A data slicing (Sharding) strategy based on ID feature

Source: Internet
Author: User
Tags comments database sharding advantage

If you have an application, as the business gets better, the amount of data involved is getting bigger, and you're going to have to deal with scaling the system (Scale). A typical extension method is called upward scaling (Scale up), which means improving the performance parameters of the system by using better hardware. Another approach, called outward scaling (Scale out), is to achieve the same effect by adding additional hardware, such as a server. From the "Hardware Cost" or "system limit" point of view, "outward scaling" is generally better than "scaling up", so most of the scale of the system will be to some extent to consider the "outward" way. Because many system bottlenecks are on the data storage, a kind of data architecture method called "Data Fragment (Database Sharding)" comes into being, this article will discuss a typical way of implementing this kind of data architecture.

Brief introduction

Data fragmentation naturally means that the overall data is distributed across multiple storage devices (hereinafter referred to as "data partitioning" or "zoning") so that the amount of data per storage device is relatively small enough to meet the performance requirements of the system. It is noteworthy that there are many strategies for system fragmentation, for example, the following are common:

Depending on the ID feature: for example, modulo the ID of a record, the result is a few, then the record is placed on a data partition that is numbered.

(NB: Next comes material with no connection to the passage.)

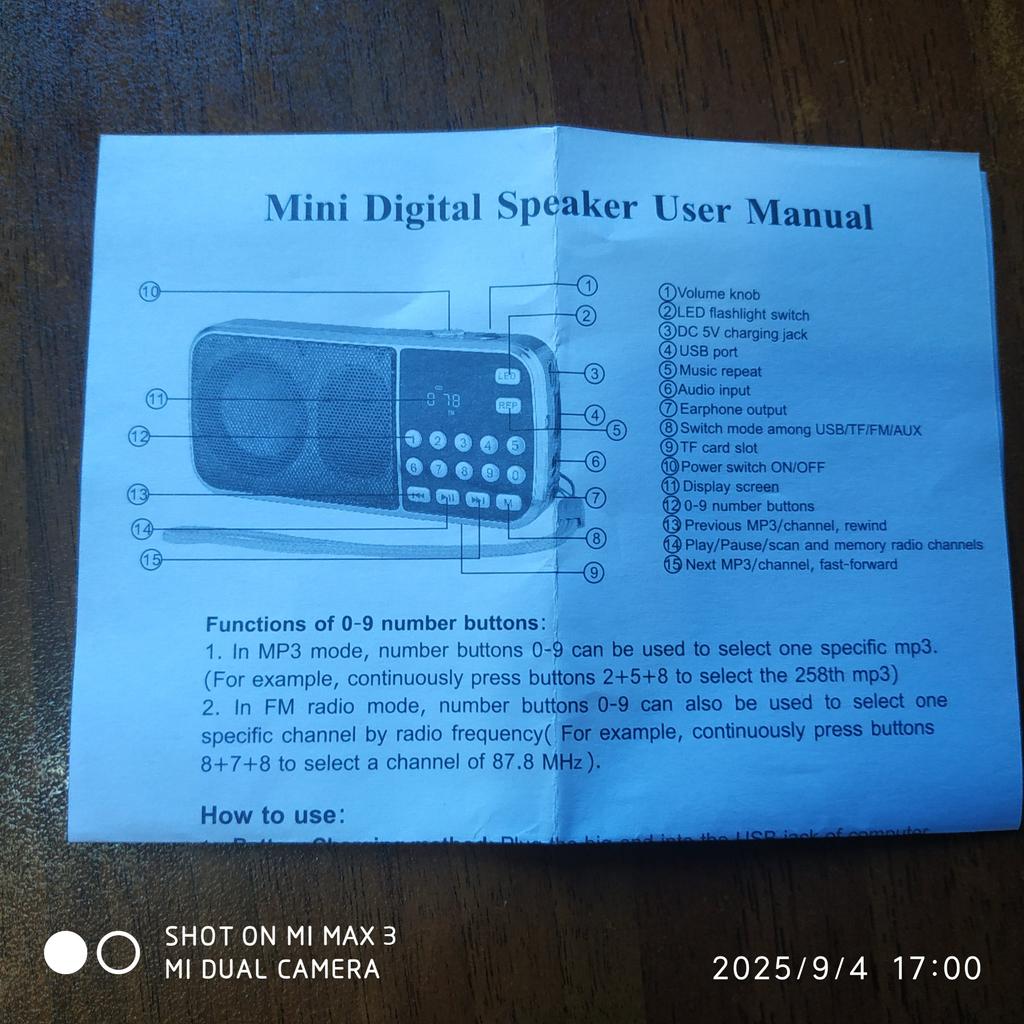 Доставка посылки 28 дней, два раза продливали рекомендуемую доставку. Y-501 Мини FM-радио, цифровой портативный MP3-аудиоплеер в комплект которого входит: аккумулятор, кабель для зарядки, инструкция на английском языке, упаковочная коробка (микро SD-карта и USB флешка поддержка в формате FAT32 в комплект не входят); в данном устройстве нету стерео динамика, обычный моно динамик и рядом установлена пассивная мембрана для усиления мощности до 3 Вт, что не соответствует описанию продавца. P.S. Рекомендации продавцу: устройства описуйте правильно, советуясь с профессионалами электронной техники. Не рекомендую покупать это устройство, так как в нём установлен обычный моно динамик с пассивной мембраной, а не стерео динамик, как описывает продавец, этим продавец обманывает покупателей, обман чистой воды...

Based on the time range: for example, the first 1 million user data is in the 1th partition, and the second 1 million user data is placed in the 2nd partition.

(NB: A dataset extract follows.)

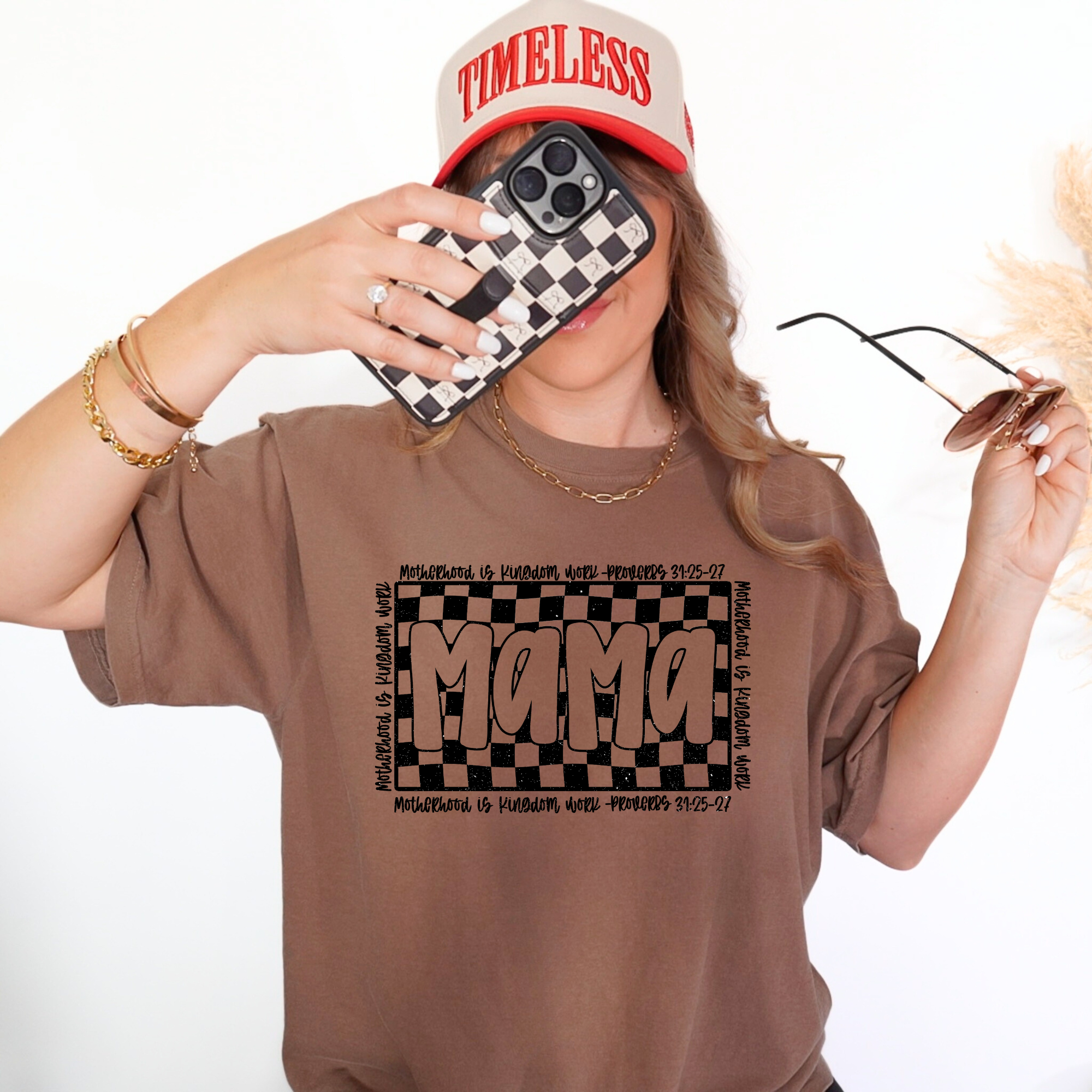 Featuring the word “Mama” framed by a checkered pattern and surrounded by the phrase “Motherhood is Kingdom Work” with Proverbs 31:25–27, this shirt honors the sacred role of motherhood through a modern, boutique-style design.

Based on the retrieval table: first, according to the ID to find the partition in a table, and then go to the target partition to find.

......

None of these data slicing strategies has the absolute advantage of choosing which strategy is based entirely on the system's business or data characteristics. It is worth emphasizing that: data fragmentation is not silver bullet, it will bring some benefits to the performance and scalability of the system (scalability), but also bring a lot of complexity to the system development. For example, if there are two records on separate servers, then if there is a business that establishes an "association" for them, it is likely that a record of "association" must be placed in each of the two partitions. In addition, if you value data integrity, transactions across data partitions immediately become performance killers. Finally, if there are some businesses that need to be looked at globally, it is difficult for the data slicing strategy to have any advantage to the system.

Data fragmentation is important, but be sure to think twice before you can use it. Once set foot on this ship shanghaied, often do not succeed then martyrdom, difficult turn back. In my experience, I was very impressed (and certainly successful) with an effort to misuse the data slicing strategy, so I'm getting more cautious with the data slicing strategy at the moment.

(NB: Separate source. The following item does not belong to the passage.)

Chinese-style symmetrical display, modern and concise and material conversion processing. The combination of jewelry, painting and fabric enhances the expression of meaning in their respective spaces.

So now, let's discuss a more common data slicing strategy.

Policy description

Here I first describe an extremely simple business:

The system has the user, the user may publish the article, the article will have the comment

Can find articles based on user

Can find comments based on articles

So what do I do if I want to do a data fragment on such a system? Here we can use the first approach mentioned above, that is, to model the ID of the record and select the partition where the data is located according to the result. Based on the query requirements described in the following two business, we will supplement the rules for partitioning policies:

All articles of a user are in the same data partition as this user.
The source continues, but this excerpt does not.